Three provinces — Nigeria, Rwanda, and Uganda — have chosen not to be represented, in line with their policy of not participating in meetings of the instruments of the Anglican Communion over continuing disagreements surrounding sexuality (News, 7 July 2022).

“We have done what we can to keep them in the loop with invitations,” Bishop Poggo said. “We did long to have them join the meeting. . . These Provinces are valued members of the Anglican Communion family.”

On the IASCUFO paper, he said: “We are open to seek all avenues for good and fruitful conversations regardless of our views and various issues in the Communion. I did ask them to consider this work going forward, and this is the initial process of having this conversation, first with the ACC then the other instruments. . . It is important to begin to think of what good differentiation might look like.”
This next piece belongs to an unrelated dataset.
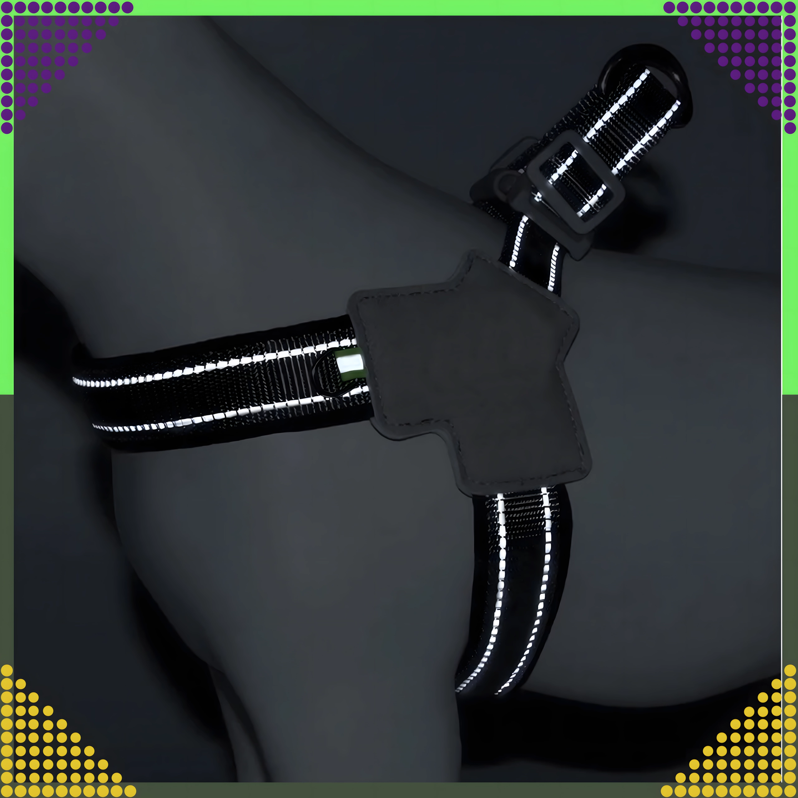 A hám kopásálló, tartós anyagokból készül, puha béléssel az egész napos kényelemért. A fényvisszaverő elemek jobb láthatóságot biztosítanak sötétedés után. A teljesen állítható pántok és a dupla reteszelésű biztonsági csat mindent a helyén tart, míg a kettős fém D-gyűrűk megbízható pórázcsatlakozást nyújtanak.

The theme of the eight-day meeting — the first to be hosted in the Province of West Africa – is the “Five Marks of Mission: today and tomorrow” — Tell, Teach, Tend, Transform, and Treasure.

It will begin with a presidential address from the Archbishop Welby and service at the Church of Christ the King, Legon, and will include presentations from Anglican Communion networks and commissions, roundtable discussions, worship, prayer, and Bible study. Subjects include evangelism and discipleship; theological education; science; safeguarding; gender justice; health; ecumenical relationships; interfaith; law; and liturgy.

At the end of the meeting in Ghana, the current chair, Archbishop Paul Kwong, will step down, as will the Vice Chair, Canon Maggie Swinson, and five other members of the Anglican Communion’s Standing Committee. Elections for a new Chair and Vice Chair, and replacement Standing Committee members, will take place during the plenary meeting.

While in Ghana, ACC members will visit the Cape Coast Castle, a former staging post for slaves being transported from West Africa to the Americas. An act of reconciliation will take place during a service in the neighbouring Christ Church Cathedral.

Canon Swinson said: “There will be a number of us for whom this is going to be a personally challenging experience. My mother was from Jamaica and my family were enslaved people. . . There will be several of us present at the ACC meeting, for whom our ancestors may well have set sail from that shore into enslavement and so for me I will be very interested to see just quite how that feels.”

Archbishop Welby will preside at the closing service at St George’s Garrison Anglican Church in Ghana, during which Archbishop Kwong will preach. Archbishop Kwong told the press conference that the hope was for the ACC meeting to “stimulate further reflection and action” on the Five Marks of Mission.